From what I saw at Padepokan Seni, Wayang hiphop remains at the experimental phase but growing in confidence. At the start, two groups of female dancers, one young and beautiful and one old and comic, danced to Javanese pop music. The dancers it seems were all associated with Padepokan Seni - when Wayang Hiphop had performed elsewhere local artists had also been incorporated. There was a story at the core of the show in which Petruk had been conned into paying 50 million rupiah to get his son Petrik a job, and then extracted money from Bagong who borrowed money from Gareng. During the course of the story, Petruk pays a visit to the police office to report the con. This was portrayed ingeniously through a projected background and the shadow of a policeman (played by an actor) and the sound of a clicking typewriter. (Other projections included images of central Jakarta -- the National Monument and the like -- and moneybags. Ambient sound was also used to convey the atmosphere of the city.) In the end, Semar is called in to settle the matter.
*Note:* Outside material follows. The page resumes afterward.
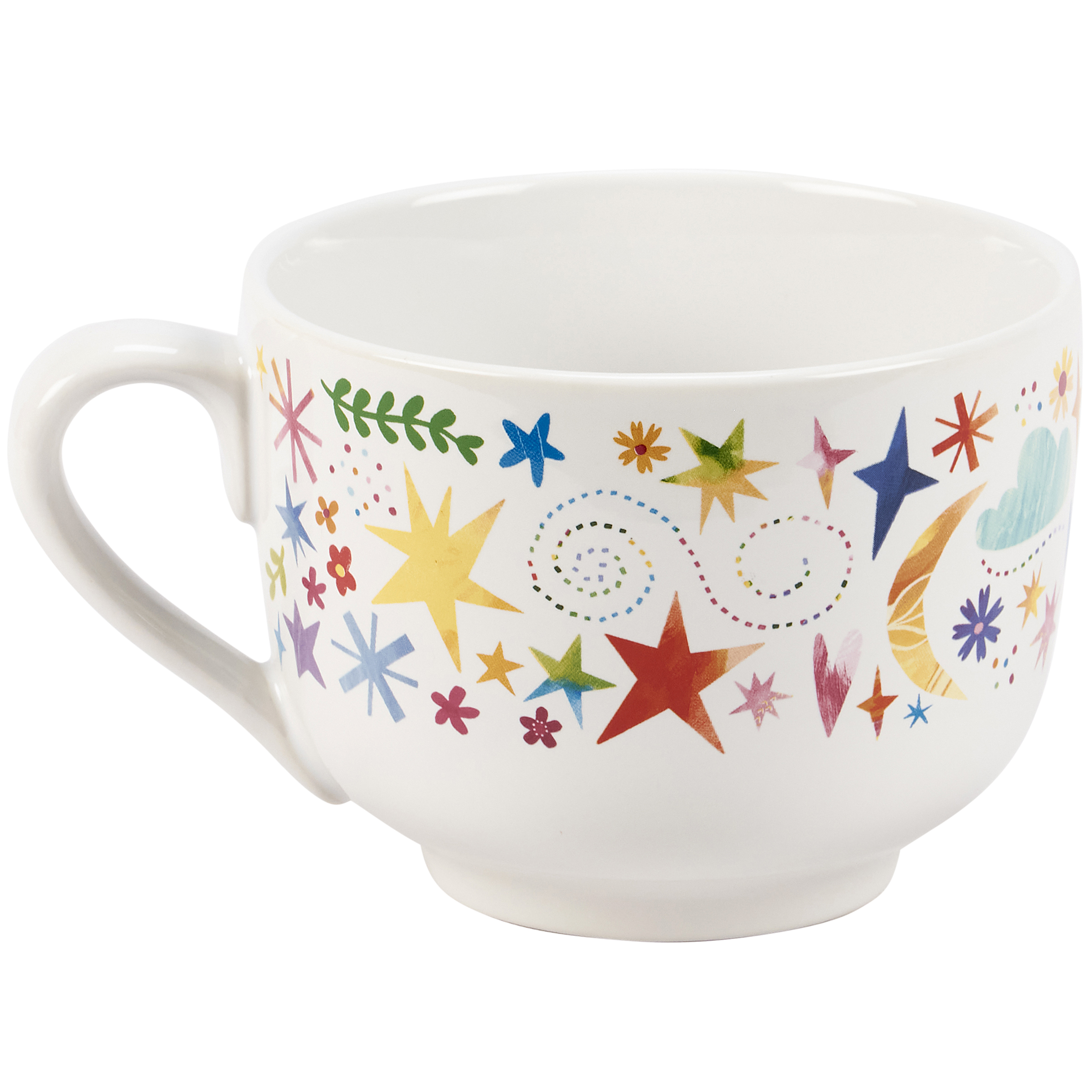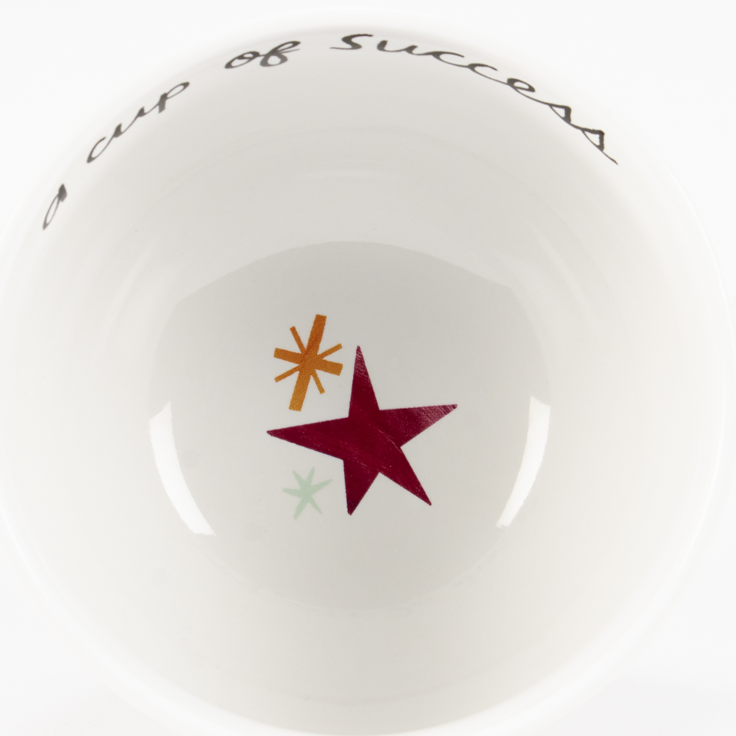 A stoneware 20 oz mug from our Inspiration & Blooms Collection displaying a full wrap-around design of vibrant hand illustrated florals, stars, and hearts. Mug also features an inside design with inspirational sentiment along the rim that reads "A Cup Of Success" and stars at the bottom. Our A Cup Of Success mug is microwave, oven, dishwasher, and food safe for easy use. An inspirational gift perfect for everyday drinkware.
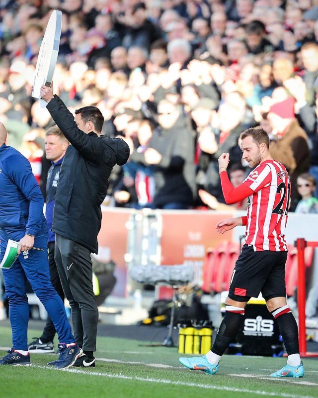从2021年6月12日欧洲杯B组首战,到2022年2月26日英超第27轮,时隔259天,从鬼门关重返绿茵场的埃里克森,终于出现在与纽卡斯尔的保级大战中。上半时两球落后,且少打一人的布伦特福德,在下半时伊始用埃里克森换下了同胞延森,全场响起热烈掌声,对于上次英超出场还要追溯到2020年1月的丹麦人而言,这是一次过于漫长的回归。

Comic skits like this are common in wayang kulit, and other folk forms like ludrug and kethoprak, and Benyek is a good comic and the audience had no problem with the innovations he introduced, and clearly enjoyed the moments when the two male rappers and female singer emerged from behind the screen to sing, rap and participate in the comedy. Benyek moved easily between roles as MC, vocalist and puppeteer. His outfit - a combination of standard kejawen with dark shades and trainers -- got a laugh upon its initial appearance but seemed quite apt after a while. The audience responded enthusiastically to a quiz at the end in which questions were asked by Benyek (e.g. 'What are the name of Bagong's and Petruk's sons in Wayang Hiphop?') and received Papermoon and Wayang Hiphop merchandise when they answered correctly.
After the show, I had a chance to talk briefly with Benyek. He says that the story that night was new, though many of the devices had been tried before. He spoke also about how much of a pleasure it has been to collaborate with Mexican puppeteer Miguel Escobar, who has been doing participatory research on wayang hiphop towards his PhD at NUS. Miguel shows no compunctions about playing the role of the tourist in these shows, speaking crude Javanese on stage and generally being the butt of Benyek's jokes. Benyek says that people like Miguel and myself are critical for supporting his work - as he is a freelance dalang he doesn't have an institutional base and has had little help from institutions like Pepadi in creating his new work. The Ramadhan tour of Wayang Hiphop last August was a huge success - with 15 performances including devoutly religious places like Demak where wayang is very rarely to be seen. Many of these performances also were accompanied by proselytizing. In these plays, a preacher typically would show up and enlighten the nakal (naughty) hiphop artists and clown servants. Benyek said that he played the role of being nakal to the hilt as there was no point in him acting pious on stage as that dramatic role would be carried by a real preacher. When we parted we both admitted a desire to work together again. We'll see what form that collaboration takes.